Les organismes internationaux ont cherché depuis une décennie à imposer l'élaboration de cadres budgétaires à moyen terme (CBMT) et/ou de cadres de dépenses à moyen terme (CDMT) aux pays à faible revenu. Parfois, c'est dans le cadre de prêts sectoriels que des CDMT ont été demandés, ce qui s'est révélé peu pertinent faute d'une prise en compte de la contrainte budgétaire, comme nous l'avons soutenu dans un article écrit avec Boris Samuel (http://www.insee.fr/fr/insee-statistique-publique/connaitre/stateco/stateco100/stec100l.pdf).Dans ce cas, les ministères sectoriels sont poussés à demander le maximum, ce qui se révèle ingérable.

Depuis, l'accent a été mis justement sur cette contrainte intertemporelle de l'Etat, ce qui a conduit à se préoccuper des CBMT (en anglais MTFFs pour Medium Term Fiscal Framework).

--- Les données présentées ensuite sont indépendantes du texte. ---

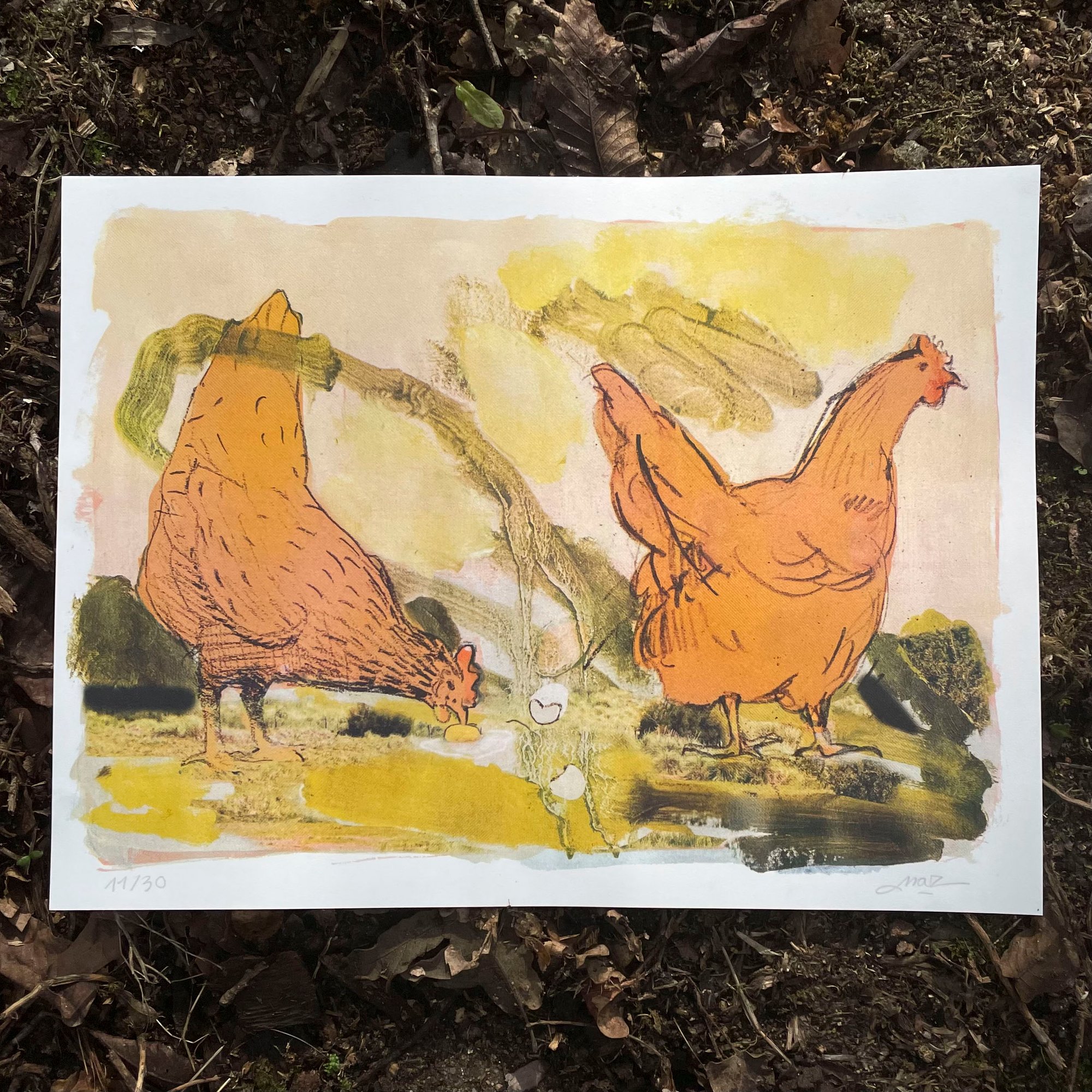 Maz Risografía a 3 colores (tricromía) 29,5 x 39,5 cm. papel Canson Basik de 130 gr Edición de 30 impreso en Lacon con Grelos

Cette approche s'est montrée efficace pour certains pays à revenu intermédiaire comme l'Afrique du Sud (voir le site du Ministère des Finances de ce pays). Dans les pays à faible revenu qui manquent de visibilité (notamment en ce qui concerne les financements extérieurs), il n'est pas sûr qu'une démarche similaire puisse se traduire par une amélioration sensible de la gestion macroéconomique.

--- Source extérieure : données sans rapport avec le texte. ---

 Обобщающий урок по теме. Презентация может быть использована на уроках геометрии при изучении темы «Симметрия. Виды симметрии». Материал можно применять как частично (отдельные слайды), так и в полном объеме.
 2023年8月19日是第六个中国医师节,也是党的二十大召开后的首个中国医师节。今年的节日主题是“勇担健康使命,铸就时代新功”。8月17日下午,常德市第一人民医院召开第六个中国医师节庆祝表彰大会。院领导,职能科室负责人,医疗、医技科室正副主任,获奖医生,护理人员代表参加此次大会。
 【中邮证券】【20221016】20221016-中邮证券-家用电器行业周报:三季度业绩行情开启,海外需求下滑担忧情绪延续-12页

C'est ce que suggère le document ci-joint qui porte sur les cas du Mali et du Burkina Faso. Il a été réalisé en fin 2011 dans le cadre d'une étude coordonnée par Perran Penrose, qui comprenait de nombreuses autres études de cas (Afrique du Sud, Mozambique, Vietnam, etc.). Cette étude montre notamment que la durée de 3 ans généralement utilisée est à la fois trop longue (les deuxièmes et troisièmes années doivent être reprises chaque année en raison de l'instabilité de ces économies), et trop courtes, car le CBMT devrait permettre d'éclairer le moyen terme (qui est plus facile à prévoir que le court terme, paradoxalement). Allonger la durée permettrait de prendre en compte les tendances lourdes démographiques et de construction d'infrastructures. Par ailleurs, dans les deux pays étudiés, la contribution du CBMT à la stabilité du cadre macroéconomique est assez limitée, car les projections de service de la dette ne sont pas liées au besoin de financement.

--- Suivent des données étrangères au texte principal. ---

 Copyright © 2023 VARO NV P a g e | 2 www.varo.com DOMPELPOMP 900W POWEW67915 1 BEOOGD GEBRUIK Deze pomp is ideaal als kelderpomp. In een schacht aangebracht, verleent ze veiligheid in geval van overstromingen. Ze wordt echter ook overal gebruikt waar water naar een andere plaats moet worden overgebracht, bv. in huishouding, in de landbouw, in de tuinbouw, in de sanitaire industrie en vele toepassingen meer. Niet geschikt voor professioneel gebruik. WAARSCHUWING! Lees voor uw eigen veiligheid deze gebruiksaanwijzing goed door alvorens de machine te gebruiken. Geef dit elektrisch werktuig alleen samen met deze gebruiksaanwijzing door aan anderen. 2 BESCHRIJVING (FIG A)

En tous cas, il est clair que la tendance qui consiste à faire du CDMT un document extrêmement détaillé, comprenant le détail des lignes budgétaires, ne peut conduire qu'à une impasse. Plusieurs modèles de ce type ont été construits récemment, notamment en Afrique équatoriale, sans démontrer une efficacité quelconque. Cette tentative de faire des CDMT une sorte de Gosplan ne peut déboucher que sur une énorme perte de temps et de ressources.